**DIRECTIONS**
Transcribe the data verbatim and drop its images.

**SUPPLIED INFORMATION**
.....
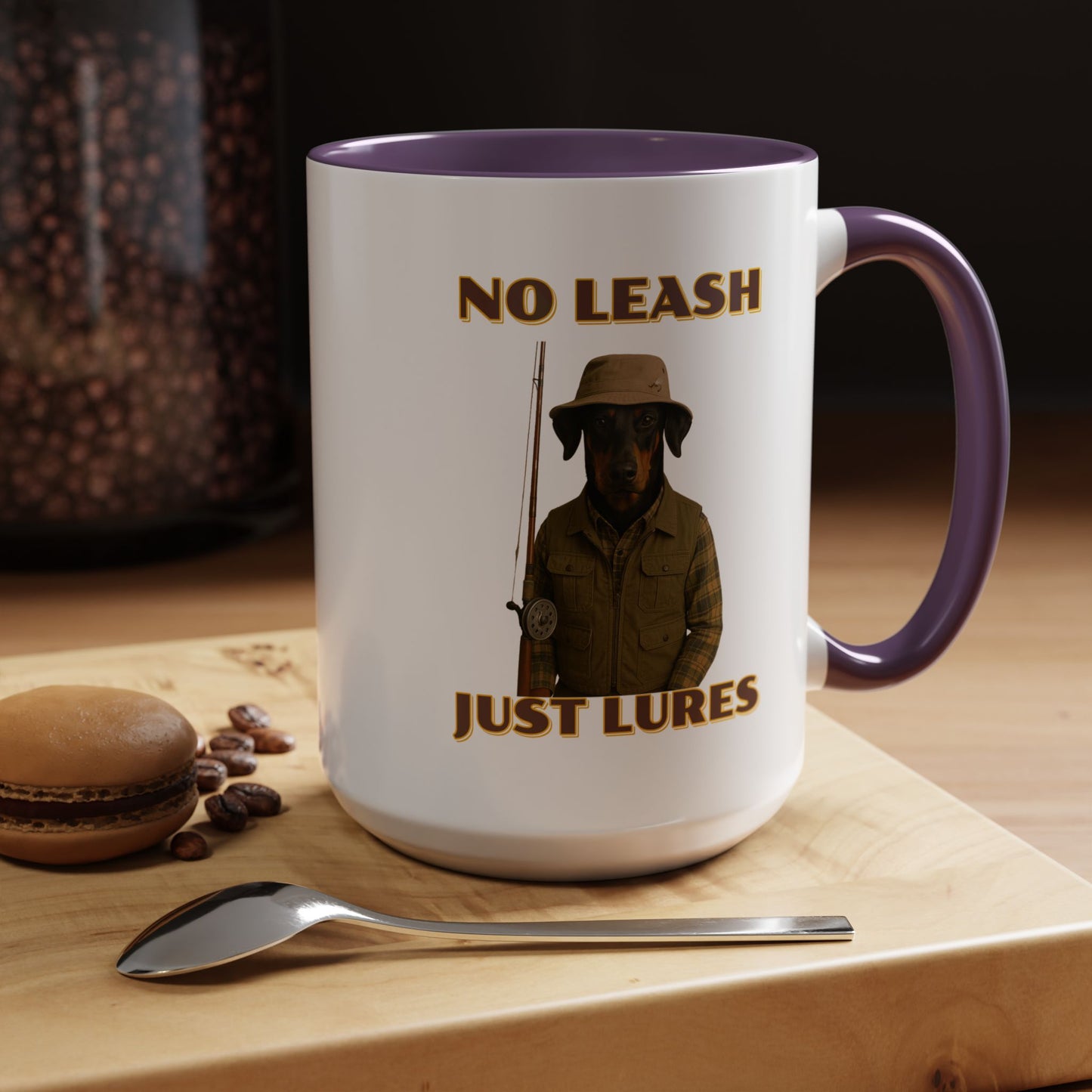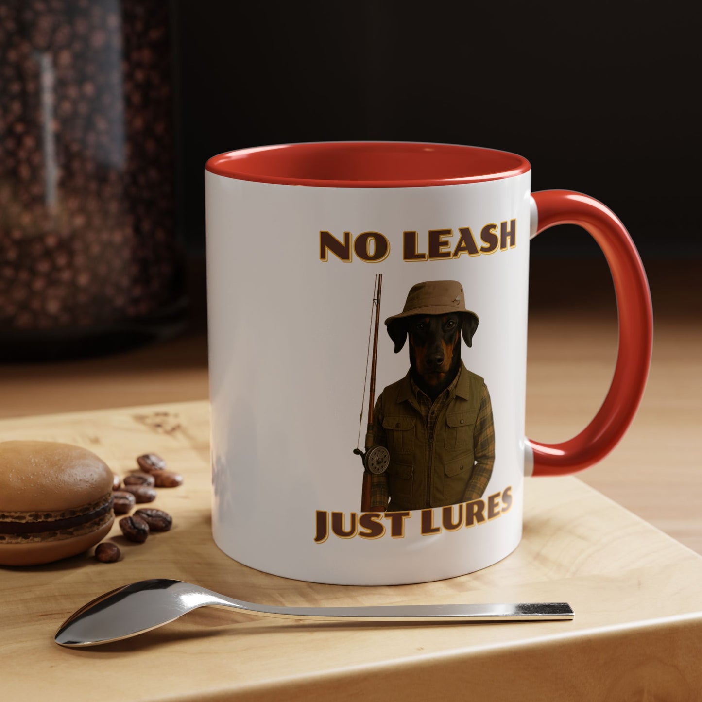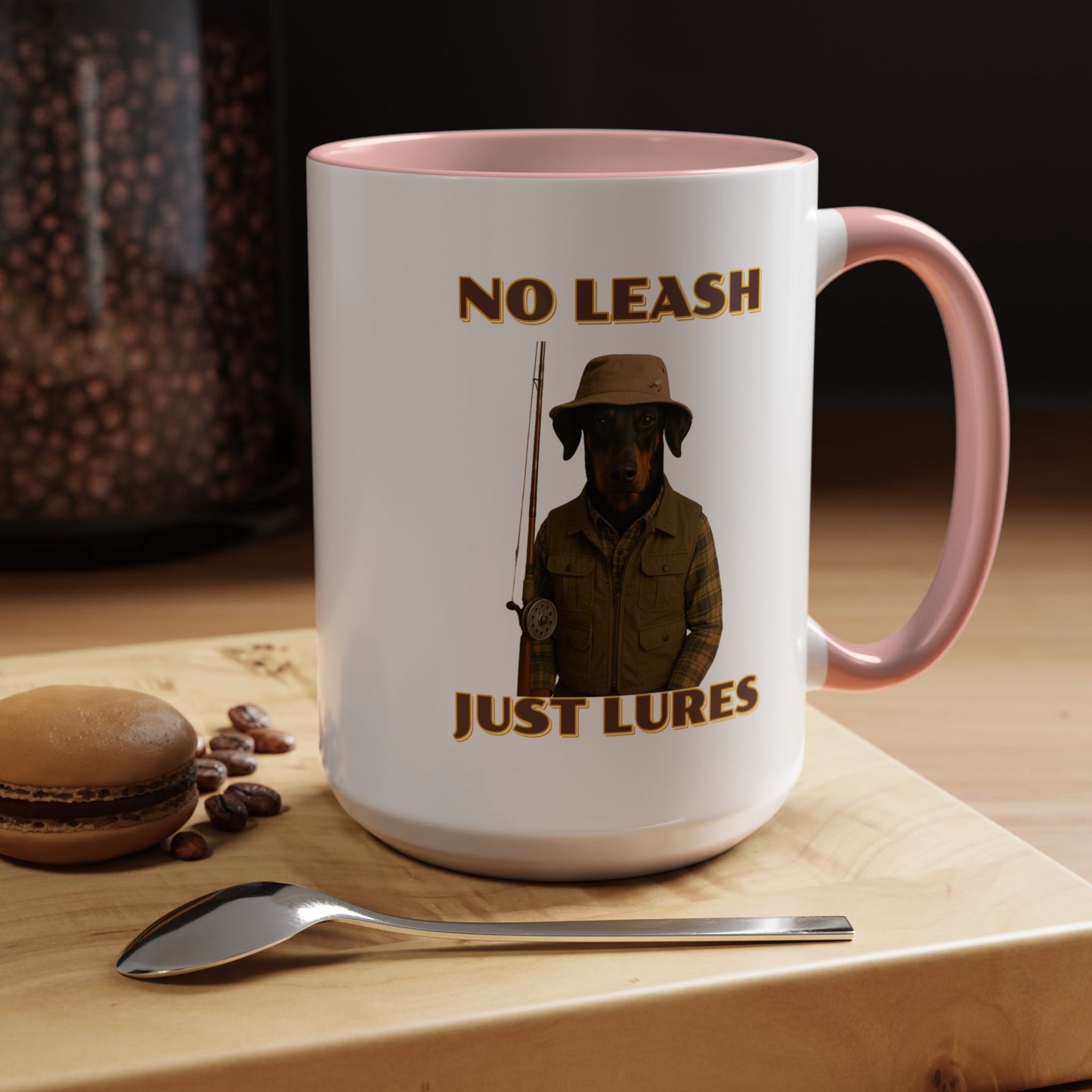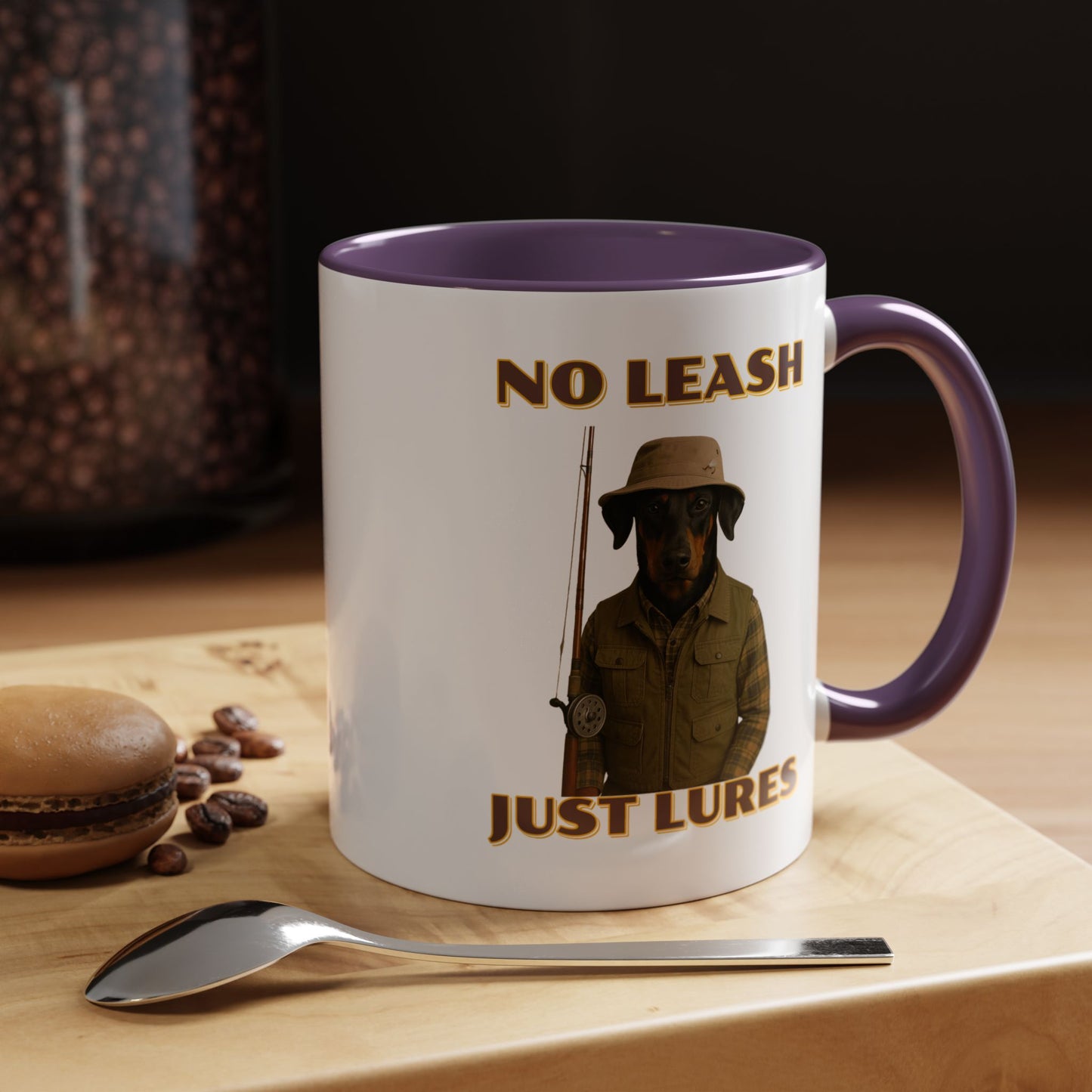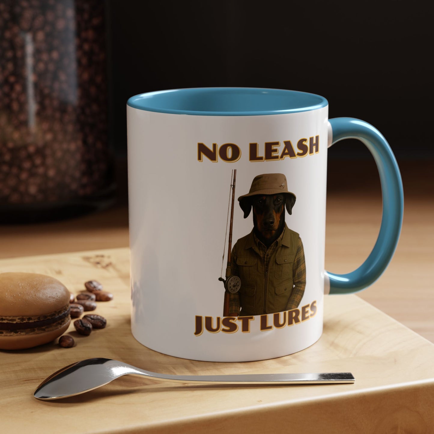 This humorous vintage-style poster features a black and tan dog dressed as an outdoorsman, wearing a khaki bucket hat, plaid flannel shirt, and fishing vest, holding a fishing rod against a black background. The image is a playful parody of hunting and fishing culture, with bold yellow text reading "NO LEASH" at the top and "JUST LURES" at the bottom. The dog appears serious and stoic, embodying the stereotypical rugged sportsman aesthetic with its carefully styled outfit and professional pose. The graphic design mimics classic outdoor adventure posters, complete with a nostalgic color palette and retro typography that gives the image a timeless, tongue-in-cheek appeal. The dog's breed looks like a Doberman or similar short-haired breed, and its expression suggests a no-nonsense attitude typical of seasoned anglers and hunters. The photoshopped combination of a dog's head with human clothing creates a comical visual that plays on the idea of anthropomorphized animals and outdoor recreation stereotypes. The poster's high-contrast design and witty concept make it a memorable piece of humorous art that would likely appeal to dog lovers, fishing enthusiasts, and those who appreciate quirky visual humor. The detailed costume and professional photography elevate the image from a simple meme to a sophisticated piece of comedic graphic design. The clever wordplay in the text "No Leash, Just Lures" adds an extra layer of humor to the already amusing image. Overall, the poster successfully blends comedy, nostalgia, and creative visual storytelling in a single, eye-catching composition.
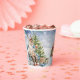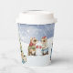 This adorable cup features a watercolored woodland scene with forest animals enjoying winter drinks in the snow.
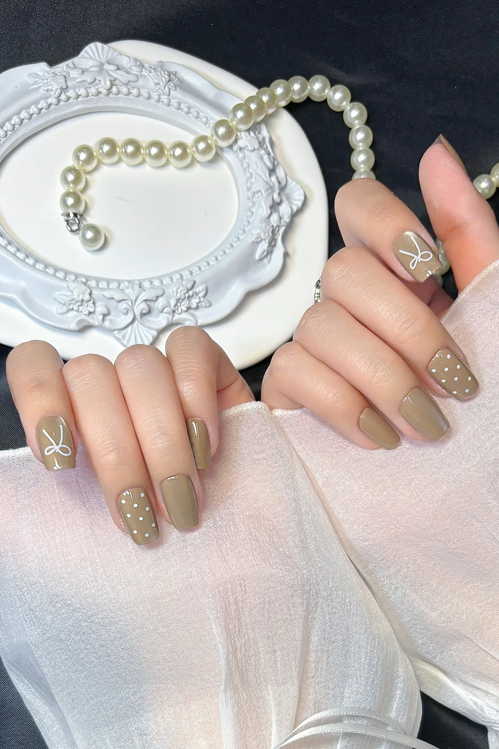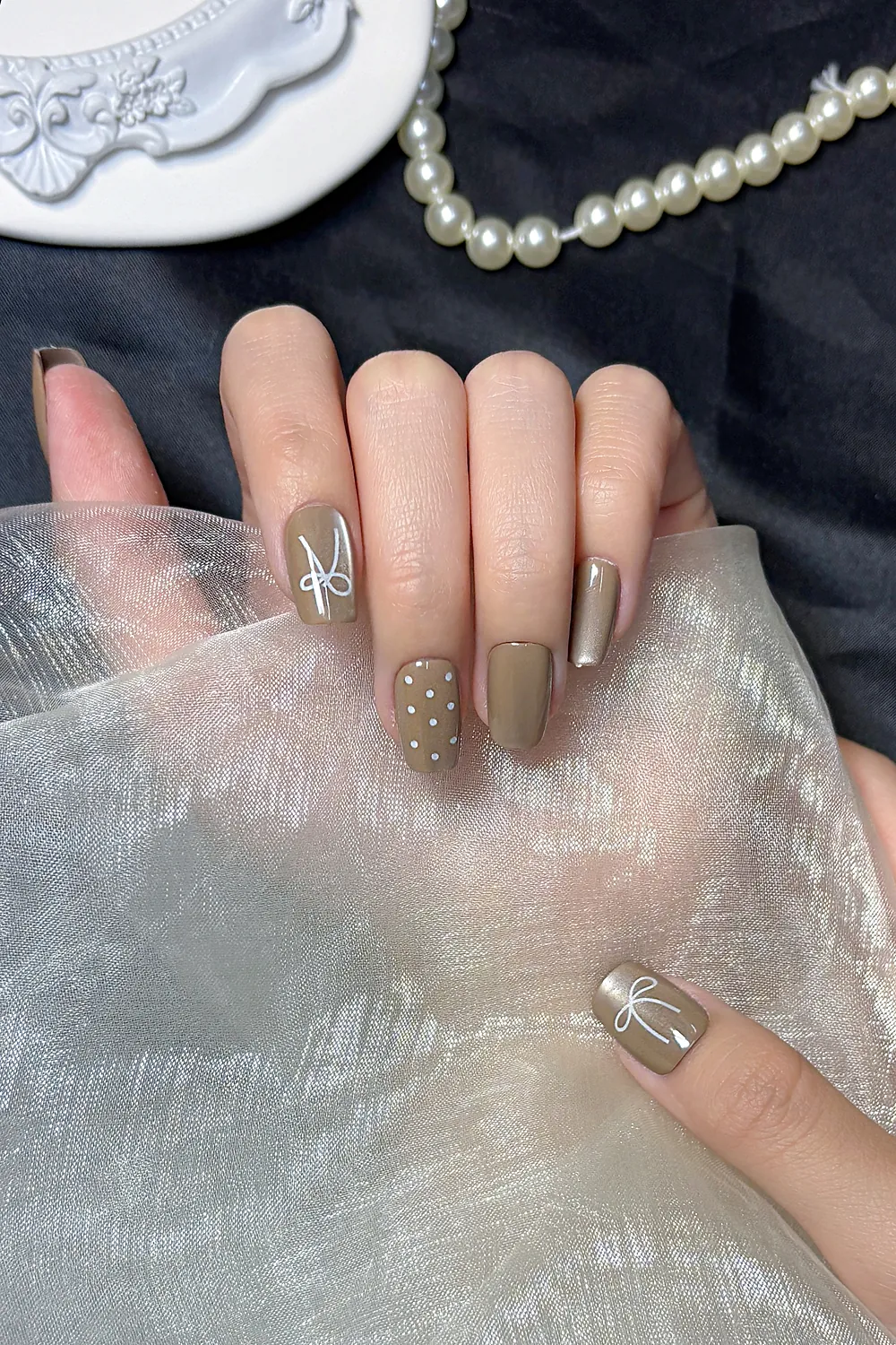 İnci Taneli Kedi Gözü French Protez Tırnak 10 Adet El Yapımı Takma Tırnak 3413
.....
**RESPONSE TO THIS EXERCISE**
 This humorous vintage-style poster features a black and tan dog dressed as an outdoorsman, wearing a khaki bucket hat, plaid flannel shirt, and fishing vest, holding a fishing rod against a black background. The image is a playful parody of hunting and fishing culture, with bold yellow text reading "NO LEASH" at the top and "JUST LURES" at the bottom. The dog appears serious and stoic, embodying the stereotypical rugged sportsman aesthetic with its carefully styled outfit and professional pose. The graphic design mimics classic outdoor adventure posters, complete with a nostalgic color palette and retro typography that gives the image a timeless, tongue-in-cheek appeal. The dog's breed looks like a Doberman or similar short-haired breed, and its expression suggests a no-nonsense attitude typical of seasoned anglers and hunters. The photoshopped combination of a dog's head with human clothing creates a comical visual that plays on the idea of anthropomorphized animals and outdoor recreation stereotypes. The poster's high-contrast design and witty concept make it a memorable piece of humorous art that would likely appeal to dog lovers, fishing enthusiasts, and those who appreciate quirky visual humor. The detailed costume and professional photography elevate the image from a simple meme to a sophisticated piece of comedic graphic design. The clever wordplay in the text "No Leash, Just Lures" adds an extra layer of humor to the already amusing image. Overall, the poster successfully blends comedy, nostalgia, and creative visual storytelling in a single, eye-catching composition.
 This adorable cup features a watercolored woodland scene with forest animals enjoying winter drinks in the snow.
 İnci Taneli Kedi Gözü French Protez Tırnak 10 Adet El Yapımı Takma Tırnak 3413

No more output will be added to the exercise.